The first limitation of the study is that only a subset of the risk factors suggested by the current literature were considered. There is scope for a larger set of risk factors to be considered to identify the top risk factors that can aid in initial screening for referable DR in populations where ophthalmologists are scarce. Second, it was not possible to evaluate risk factor rankings for each form of retinopathy separately in the present study. The classification of risk factors refers to the risk of diabetic retinopathy, regardless of its severity.

Our study has shown that ML technology successfully ranks important risk factors in large-scale epidemiological studies. Previous studies have demonstrated the vital role of ML in other medical fields, such as T2DM, obesity, and heart failure [60,61,62]. Our results confirm the excellent performance of ML in predicting diabetic retinopathy. This is the first study that evaluates the importance of risk factors using various ML methods with data from the Indian population and checks the risk factors for diabetic retinopathy.

5. Conclusions

The study aims to reflect the importance of ranking risk factors to find their relevance to DR. We have proposed two techniques to find the relative contributions of risk factors to the presence of DR. In both cases, age contributed the least and systolic blood pressure contributed the most among the nine risk factors considered for the study. Thus, validating both of our proposed techniques, KNN achieved the best accuracy of 82.6% in the case of the t-test and 78.3% in the case of SHAP to predict DR. A subset of risk factors given by ophthalmologists was considered in the study. Furthermore, other risk factors, such as demographics, lifestyle, family history, living standards, and ethnicity, need to be explored in further studies as part of the future scope of this work. These risk factors could aid in developing a risk factor algorithm for DR and aid in the prescreening of DR. The algorithm can be a prescreening tool using fundus photographs to identify referable and non-referable DR. The study can also be extended using images and top risk factors to predict DR. Moreover, the ranking of risk factors for non-proliferative/proliferative DR or diabetic macular edema and whether the ranking would change with the development of macular edema or proliferative DR could be a potential future study.

Author Contributions

Conception or design of the work—S.R., R.R. (Rajiv Raman) and A.V. Data collection—S.S. and K.R. Data analysis and interpretation—A.V., S.R., R.R. (Rajiv Raman) and S.S. Drafting the article—A.V. Critical revision of the article—S.R., R.R. (Rajiv Raman), S.S., A.V., V.M. and R.R. (Ramachandran Rajalakshmi).
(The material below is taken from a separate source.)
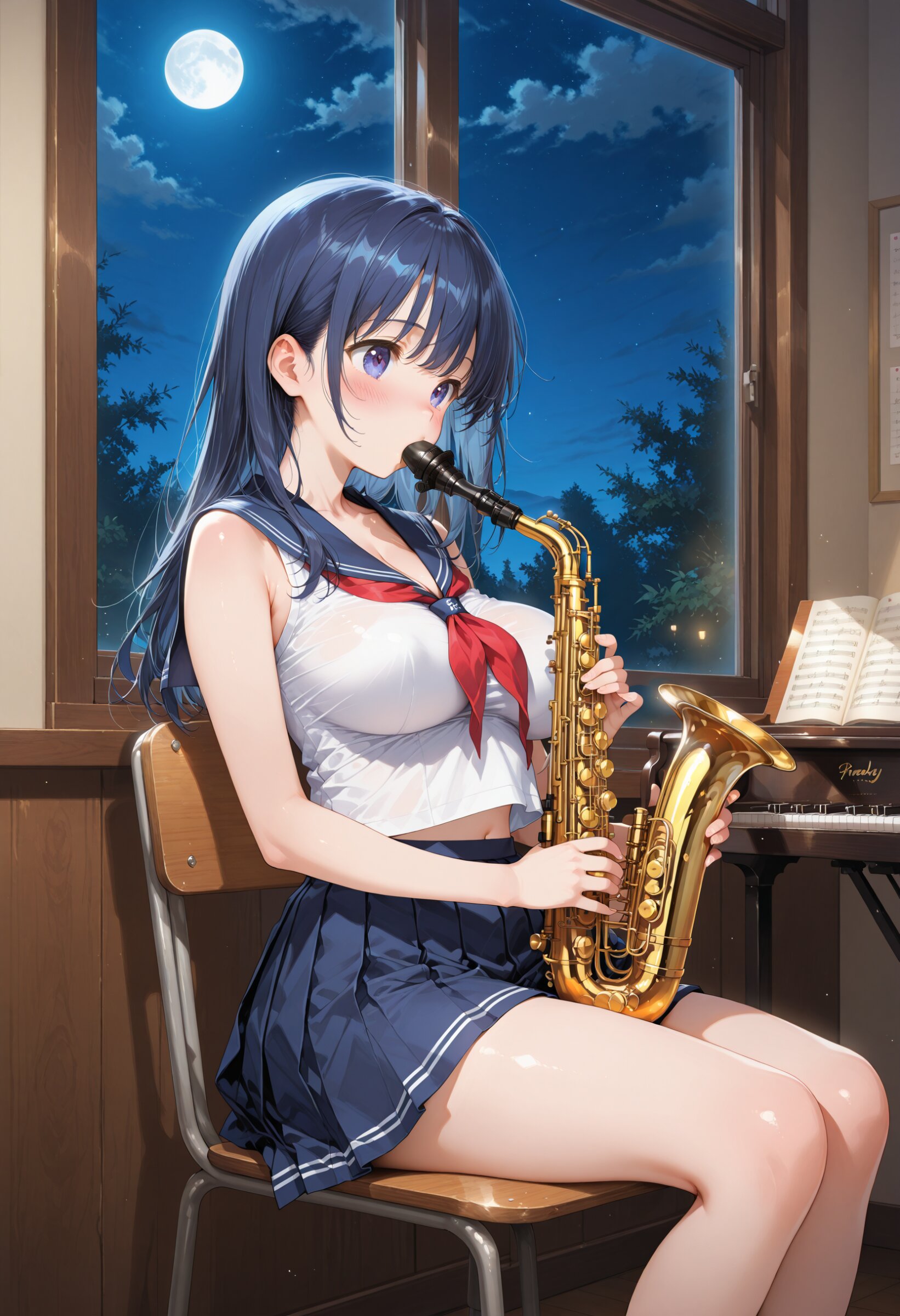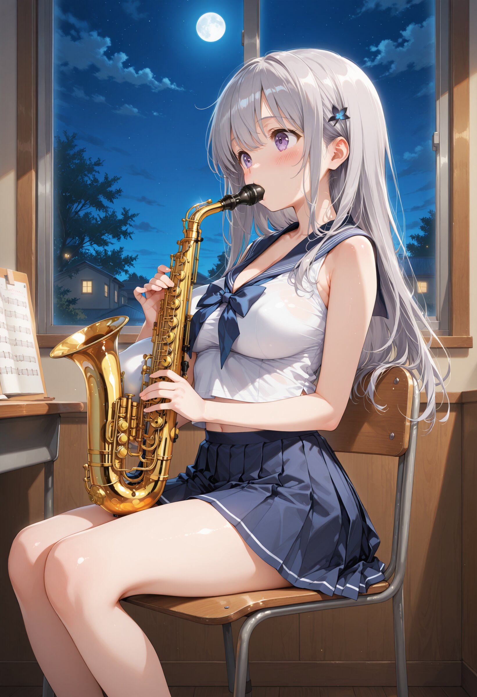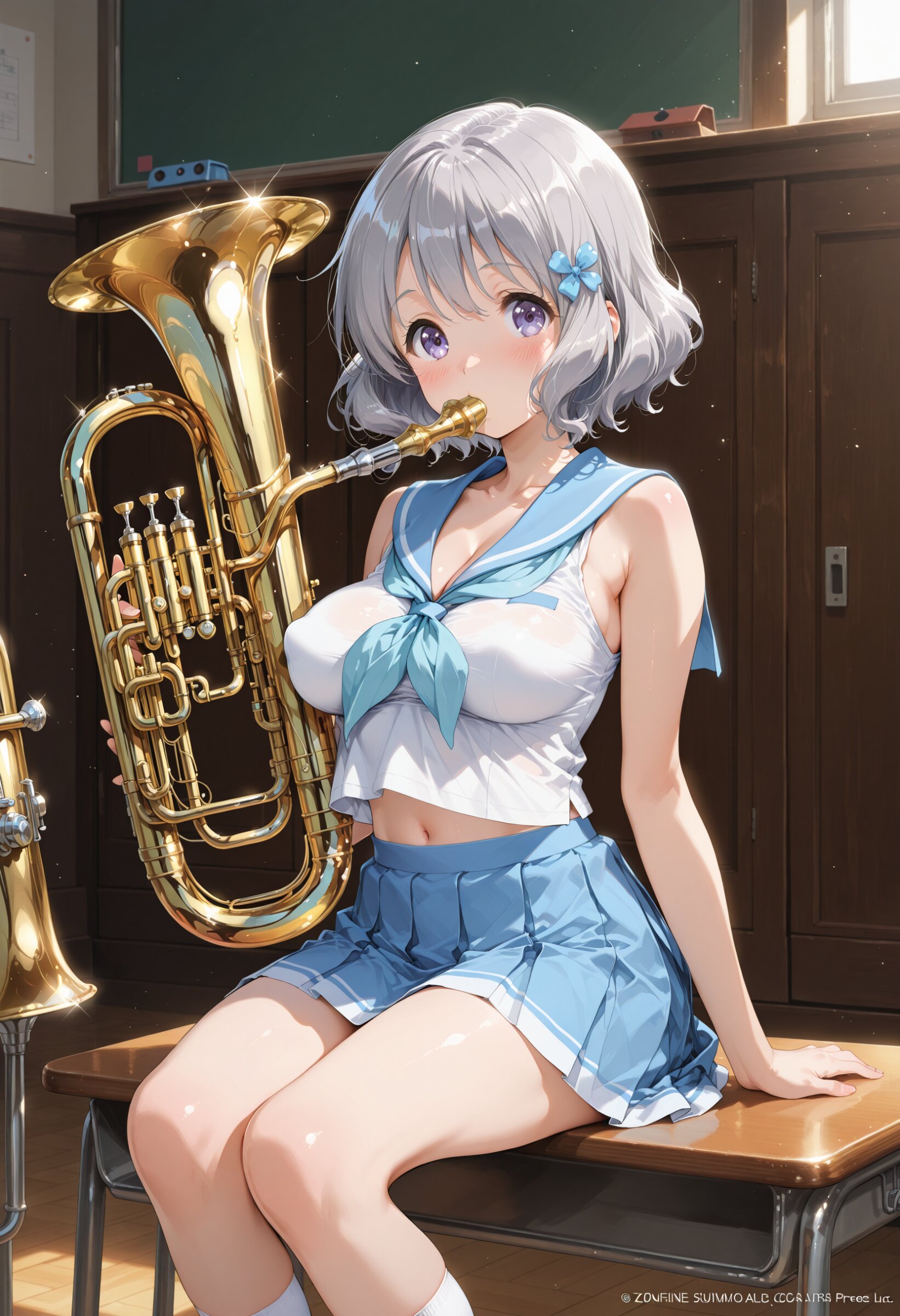 masterpiece, best quality, amazing quality, general, fine detail, official art, 1girl, loli, silver hair, school sailor uniform, sleeveless, miniskirt, midriff peek, cleavage between sailor collar, beautiful legs, big breasts, impossible clothes, (perky breasts:1.2), school music room, sitting, playing Euphonium, Place lips on the mouthpiece, blush,

All authors have read and agreed to the published version of the manuscript.

Funding

This research received no external funding.

Institutional Review Board Statement

Declaration of Helsinki, and approved by the Institutional Review Board of Vision Research Foundation (IRB No 59-2007 P, 23/05/2007).

Informed Consent Statement

Informed consent was obtained from all subjects involved in the study.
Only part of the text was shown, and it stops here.